Since DNA samples collected from crime scenes are often available in limiting amounts, we next assessed the reliability of the bisulfite conversion coupled to the SNaPshot assay for low input genomic DNA samples. Genomic DNA was extracted from a peripherical blood sample and the initial bisulfite conversion was performed on increasing amounts of DNA ranging from 1 ng to 100 ng to detect KFL14, C1orf132, ELOVL2, FHL2 and TRIM59 CpGs simultaneously in a multiplex approach (Suppl. Figure 2B). DNA methylation levels measured were consistent with previous studies [20,24,29]. While the KFL14 and C1orf132 CpGs displayed low (<10%) and high (>70%) methylation levels, respectively, the ELOVL2, FHL2 and TRIM59 CpGs were associated to intermediate (35-40%) methylation levels for the blood sample analyzed. This analysis revealed a significantly high variability of the measured DNA methylation levels for the lowest DNA input samples (1 ng, 5 ng and 10 ng) (Suppl. Figure 2B), consistent with previous observations [35]. Interestingly, the methylation values for the 5 CpG sites were however highly consistent when using 20 ng, 50 ng and 100 ng of input DNA for the bisulfite conversion step, with standard deviations ranging from 1% to 2.4%. Therefore, in order to cope with the limiting availability of DNA traces collected in forensic cases while ensuring a highly reproducible detection of DNA methylation for multiple CpG sites, 20 ng of genomic DNA was defined as standard input to perform the bisulfite conversion and multiplex SNaPshot methylation assays in this study.

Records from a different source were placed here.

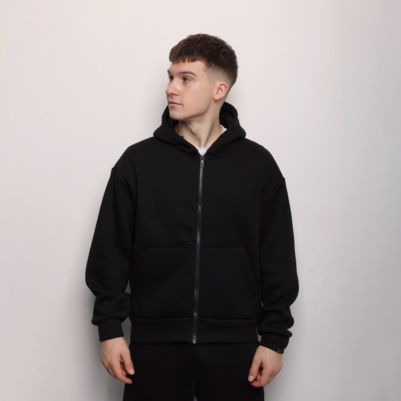 Мужская Утепленная Черная Кофта на Молнии с Капюшоном – Базовое Зип Худи на Флисе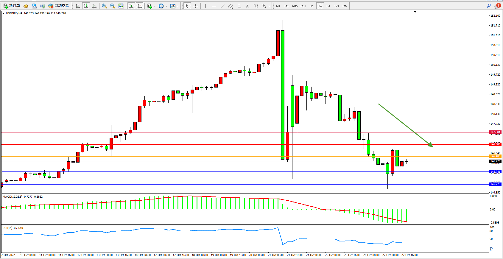 交易策略:146.405下方看跌,目标145.781、145.272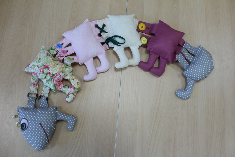 Принцип игрушки заключается в освоении детьми основных видов застежек. Играя в ... нее, детки при этом развивают моторику своих ручек. Так как при создании «Сороконожки» мне не удалось зафотографировать все этапы, в этой публикации я все го лишь покажу конечный результат, где поподробней остановлюсь на самих застежках.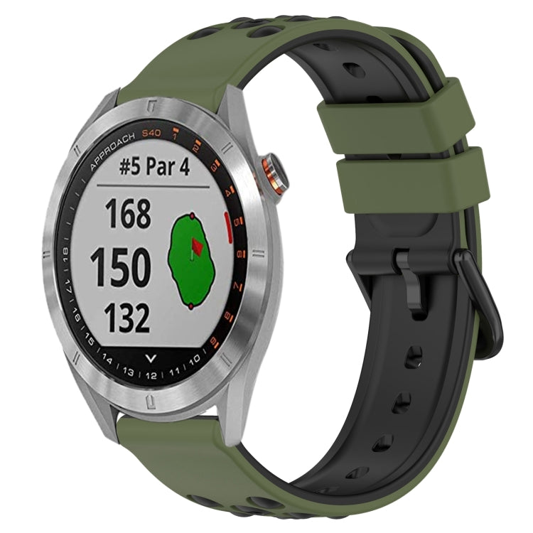 Correa de Reloj Garmin Approach S40 20mm silicona porosa dos colores (Verde Militar + Negro)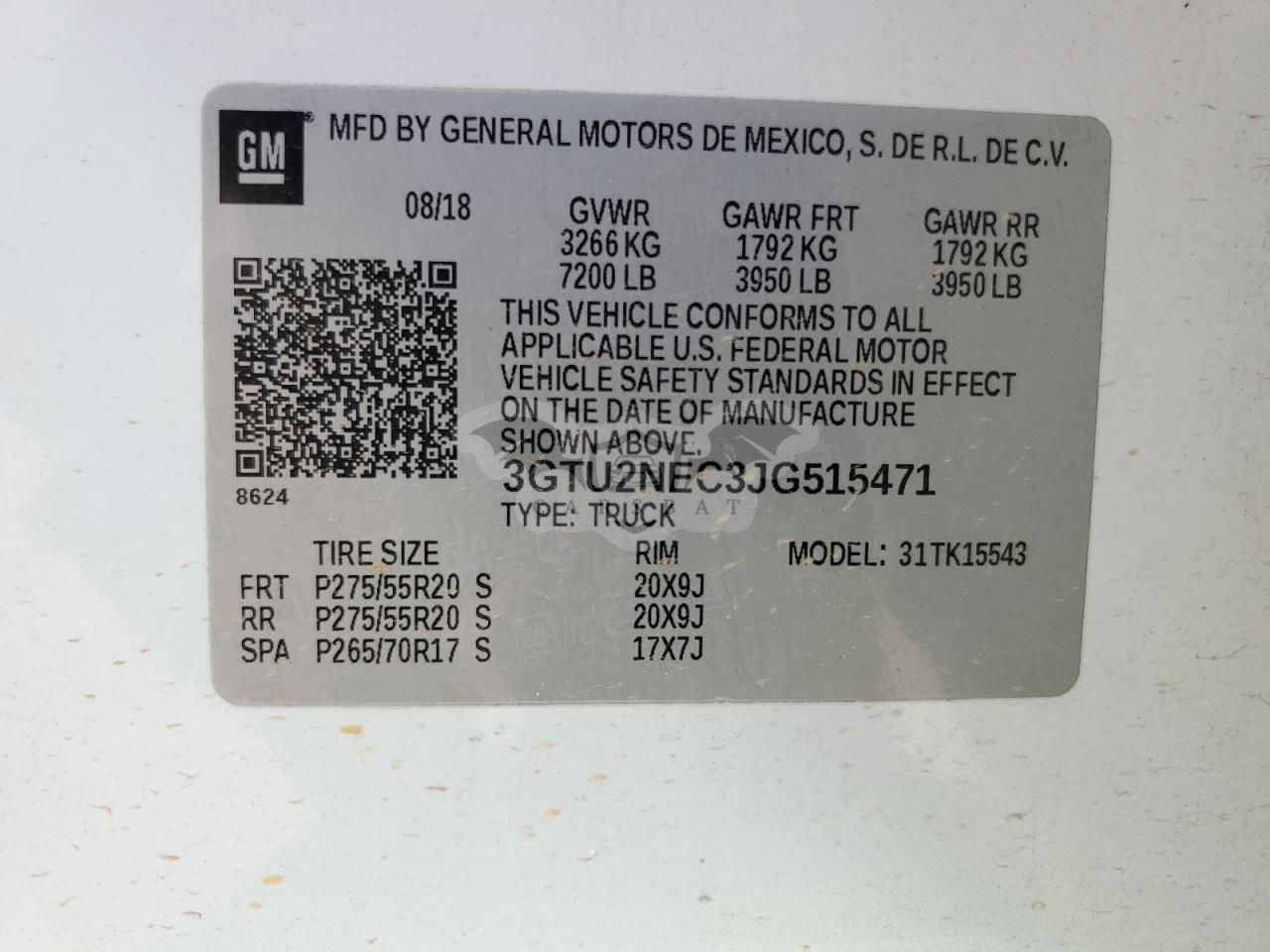 • VIN: 3GTU2NEC3JG515471

Establishing a training set of blood samples
The methylation levels of the CpGs in the genes ELOVL2, FHL2, KLF14, C1orf132 and TRIM59 were analyzed in 144 out of the 170 peripheral blood samples collected from French individuals between 0 and 101 years old (Figure 1). The blood donors included 4 undeclared genders, 70 female and 70 male participants evenly distributed across 6 age classes (Figure 1). Following genomic DNA extraction and bisulfite conversion of each sample, the methylation levels of the 5 CpGs were simultaneously measured using the SNaPshot assay, as previously described [24]. As expected, all 5 CpG sites showed age-dependant changes in peak distribution for methylated and non-methylated nucleotides on the electrophoregrams (Suppl. Figure 3). The DNA methylation rates of individual CpGs were inferred from the average peak intensity measured in duplicates for each sample. The distribution of methylation values for each CpG site was then analyzed and 8 outlier samples were excluded based on Bonferroni corrected p-values exceeding 0.05. For the remaining 136 samples, changes in DNA methylation rates for the 5 CpG sites were highly correlated with the chronological age of the donors (Figure 2A). The strongest correlations were observed for the CpG sites in ELOVL2 (R2 = 0.92), FHL2 (R2 = 0.87), C1orf132 (R = 0.84), TRIM59 (R2 = 0.84), while the lowest correlation was observed for the KLF14 CpG site (R2 = 0.66). These results are consistent with previous studies of age determination based on epigenetic DNA modifications in human blood samples [20,24,29,30]. Since the gender distribution is relatively homogeneous across the different age-classes of our sample set (Figure 1), we next confirmed that the distribution of the DNA methylation levels measured was not significantly different between females and males for each of the 5 CpG sites (p-values between 0.62 and 0.86, Figure 2B). In conclusion, we established a training set of 136 blood samples, obtained from 66 females, 66 males and 4 donors of undetermined gender, that can be used to model the French population to assess age-predictive statistical methods (Figure 2).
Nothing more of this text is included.